Interestingly, we could show that lymph nodes with round shape were predictive of metastases, which is confirming its position in general interpretation criteria of CT and MRI imaging in PCa. Regarding the multiple logistic regression analysis, one can argue that the combination of LN-shape and MRI-T-stage (model eight) had AUC and pseudo R2 close to model three (LN-ADCmean and MRI-T-stage) and even higher accuracy 0.78
It should be noted that all of the predictive factors in our study except LN-SUVmax can be obtained from non-contrast enhanced MRI, this is of relevance since 11C acetate PET/CT is associated with high cost and limited availability. However the LN for measurement of ADC values was also chosen according to 11C acetate PET/CT uptake, and this might bias the interpretation.
A limitation of this study is that the number of observations did not allow for more than two variables in multiple logistic regression analysis, which prevented us from exploring the true diagnostic performance of a large model with all predictors included. Another limitation is that the ADC measurements in lymph nodes smaller than 6 mm could be hampered by partial volume effect. Since it is very difficult to correlate single, specific lymph node histology to imaging, we chose to select the lymph node with the visually most suspicious findings from any of the anatomical regions included in the ePLND, for each patient.
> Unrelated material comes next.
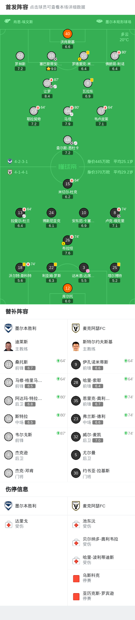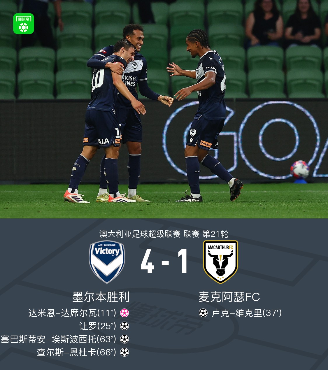 第25分钟,恩杜卡回做,让罗跟上推射破门,墨尔本胜利2-0麦克阿瑟

In this prospective study we could show that a number of predictive factors for regional lymph node metastasis in patients with intermediate- and high-risk PCa could be retrieved from MRI and 11C acetate PET/CT. SUVmax, ADCmean, size and shape of regional lymph nodes were all predictive of lymph node metastases as were T-stage on MRI. The combination of ADCmean in lymph nodes and T-stage on MRI was the best model in multiple logistic regression with increased predictive value compared to lymph node ADCmean and T-stage on MRI alone. The relatively low diagnostic accuracy in the present study, as well as in other previously published studies10,32, show that there is at present a limited role of anatomical and functional imaging for lymph node staging in patients with prostate cancer. Future studies including more patients are needed to validate our findings.